Ynares-Santiago, and Corona, JJ., on leave.
[1] Also spelled "Herminio."
[2] Exh. "B, "later re-marked Exh. "C;" Records, p. 196.
[3] TSN, 2 March 2000, p. 14.
[4] Id., p. 15.
[5] TSN, 17 January 2000, pp. 11-12, 13-14.
[6] Id., p. 14-A.
[7] Records, p. 197.
[8] Raffled to Branch 35.
[9] Penned by Judge Fortunito L. Madrona, RTC-Br. 35, Ormoc City.
[10] Decision, pp. 16-17; Rollo, pp. 35-36.
[11] Ibid.
[12] People v. Agliday, G.R. No. 140794, 16 October 2001, 367 SCRA 273.
[13] People v. Samson, G.R. No.133437, 16 November 2001, 369 SCRA 229.
[14] People v. Rapisora, G.R. Nos. 140934-35, 23 October 2001, 368 SCRA 170; People v. Jalosjos, G.R. Nos. 132875-76, 16 November 2001, 369 SCRA 179.
[15] People v. Nardo, G.R. No. 133888, 1 March 2001, 353 SCRA 339; People v. Tamsi, G.R. Nos. 142928-29, 11 September 2002.
[16] People v. Alfeche, G.R. No. 124213, 17 August 1998, 294 SCRA 352; People v. Mataro, G.R. No. 130378, 8 March 2001, 354 SCRA 27.
[17] People v. Callos, G.R. Nos. 123913-14, 11 October 2001, 367 SCRA 141; People v. Aguero, Jr., G.R. No. 139410, 20 September 2001, 365 SCRA 503.
[18] Records, pp. 7-11.
[19] People v. Cabel, G.R. No. 121508, 4 December 1997, 282 SCRA 410.

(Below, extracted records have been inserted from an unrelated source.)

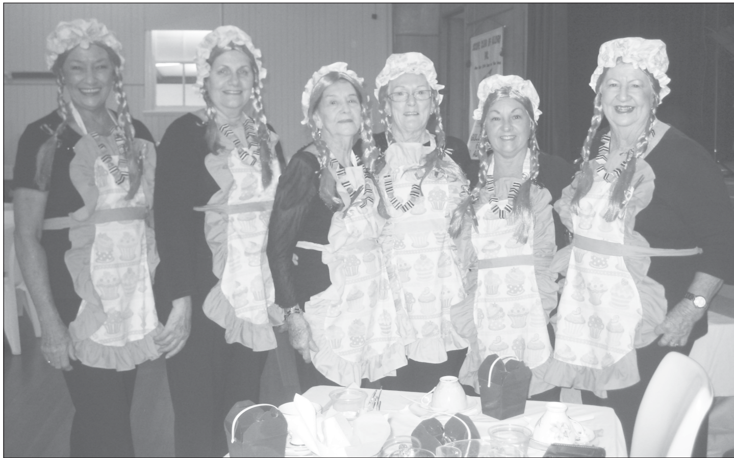
Scope Club members from Balina attended the Annual Scope Afternoon Tea in Allora on April 21.
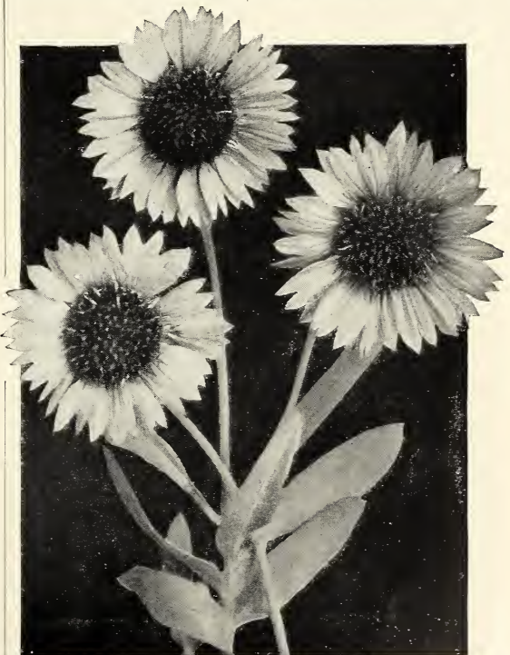
Gaillardia, Tangerine. See page 4

H. Hybrids. Similar to H. niger . Robust growers. Flowers in various colors. $1 each, $9 for 10.
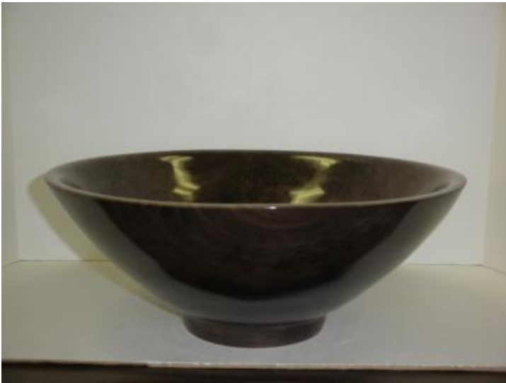
14" Walnut Bowl
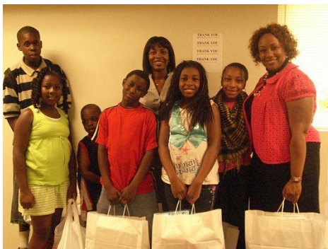
Kids Café School Supplies
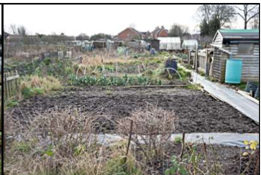
DSCF8876 ISO 400 X-T3 1/320 sec at f / 5.6
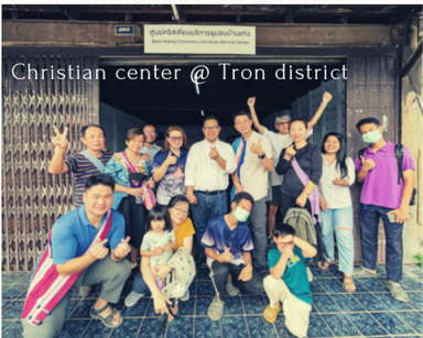
Christian center @ Tron district
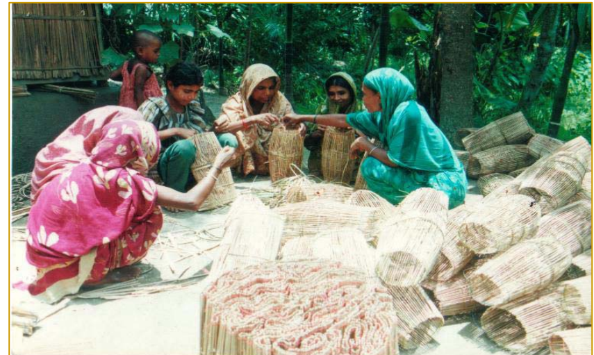
A small group all member woman with disability jointly manage this business by making bamboo mate that supplied to marketer
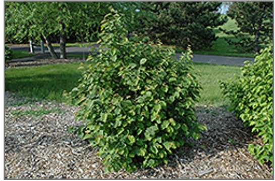
Beaked Hazelnut

Beaked Hazelnut will grow to be about 8 feet tall at maturity, with a spread of 7 feet. It tends to be a little leggy, with a typical clearance of 2 feet from the ground, and is suitable for planting under power lines. It grows at a medium rate, and under ideal conditions can be expected to live for approximately 30 years. While it is considered to be somewhat self-pollinating, it tends to set heavier quantities of fruit with a different variety of the same species growing nearby.
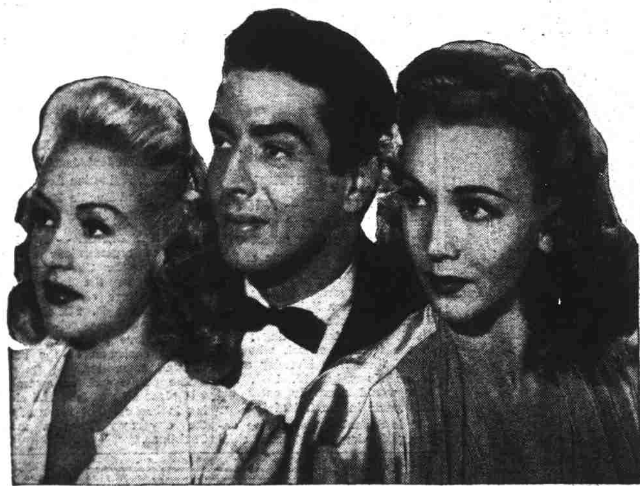
THREE GOOD REASONS why the new hit, "I Wake up Screaming," is popular at the Grand theatre. Betty Grable, Victor Mature and Carole Landis. Carole and Betty are teamed as sisters again—they were sisters in "Moon Over Miami." Vic is the guy who has to make up his mind as to whom is the more desirable. Laird Cregar, William Gargan, Alan Mowbray and Allyn Joslyn complete the featured cast.
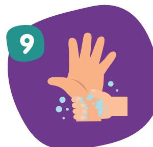
Rub each wrist with opposite hand

[20] TSN, 3 April 2000, p. 70.
[21] People v. Masalihit, G.R. No. 124329, 14 December 1998, 300 SCRA 147.
[22] People v. Bernaldez, G.R. Nos. 132779-82, 19 January 2000, 322 SCRA 462
[23] TSN, 13 September 2000, pp. 18-19.
[24] People v. Padao, G.R. Nos. 140734-35, 11 September 2002.
[25] People v. Escano, G.R. Nos. 140218-23, 13 February 2002; People v. Arizapa, G.R. No. 131814, 15 March 2000, 328 SCRA 214.
[26] People v. Soriano, G.R. Nos. 142779-95, 29 August 2002; People v. Sambrano. G.R. No. 143708, 24 February 2003.
[27] People v. Agustin, G.R. Nos. 135524-25, 24 September 2001, 365 SCRA 667; People v. Montemayor, G.R. Nos. 124474 and 139972-78, 28 January 2003.